“In Moments of Crisis, Behind Every Moderate Liberal, There’s a Fascist”
- David Broder
Bolivia’s ousted vice president Álvaro García Linera told Jacobin about last Sunday’s coup d’état and the murderous violence now being unleashed against Evo Morales’s supporters.

A woman gestures and shouts during the funeral of people killed during clashes between police and supporters of Evo Morales in the entrance of a major fuel plant, at San Antonio de Asis Church on November 20, 2019 in El Alto, outskirts of La Paz, Bolivia. Gaston Brito Miserocchi / Getty Images
Since its first election triumph in late 2005, Evo Morales’s Movement toward Socialism (MAS) has had unparalleled success in transforming one of Latin America’s poorest countries. In thirteen years of MAS government, a quarter of the population was lifted out of extreme poverty, the indigenous majority finally came to the heart of public life, and Bolivia enjoyed the region’s most consistently high GDP growth.
All this came to an end on November 10, as army chiefs forced President Morales to resign. After the weeks of intense right-wing mobilization following Morales’s October 20 election victory — with widespread but unevidenced claims that the vote was fraudulent — the far-right paramilitary leader Luis Fernando Camacho triumphantly marched into La Paz, promising to put “God back in the presidential palace.” Morales was forced to flee the capital, expressing his hope that his resignation could stem the opposition violence.

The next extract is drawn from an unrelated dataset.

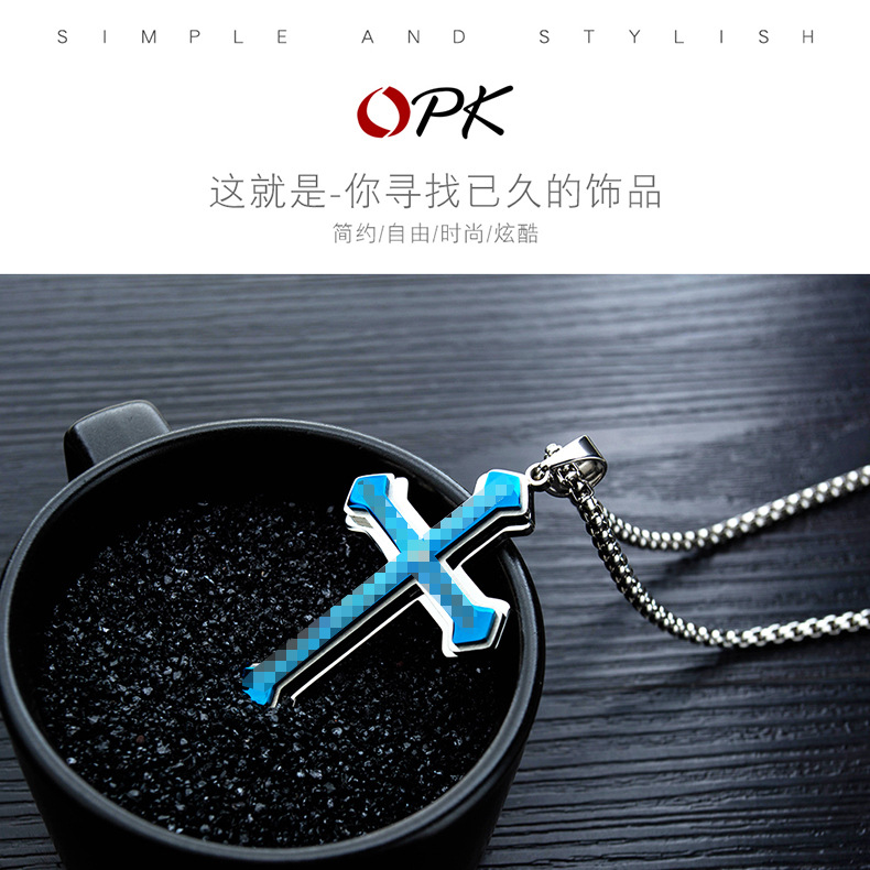 対外貿易の電気商の商品のソースのチタンの装飾品のクロスペンダントのステンレスの男性のネックレスのメーカーは直接販売します。

Yet even after the coup, the new authorities have pursued a violent campaign of vengeance against the ousted MAS — and even the populations whom its rule most benefited. Under self-proclaimed president Jeanine Áñez, street violence by white supremacist gangs has spiraled along with police and army repression of anti-coup protesters. Around two dozen people have been killed in the last week and half, as the violence against indigenous people and representatives of MAS and social movements intensifies.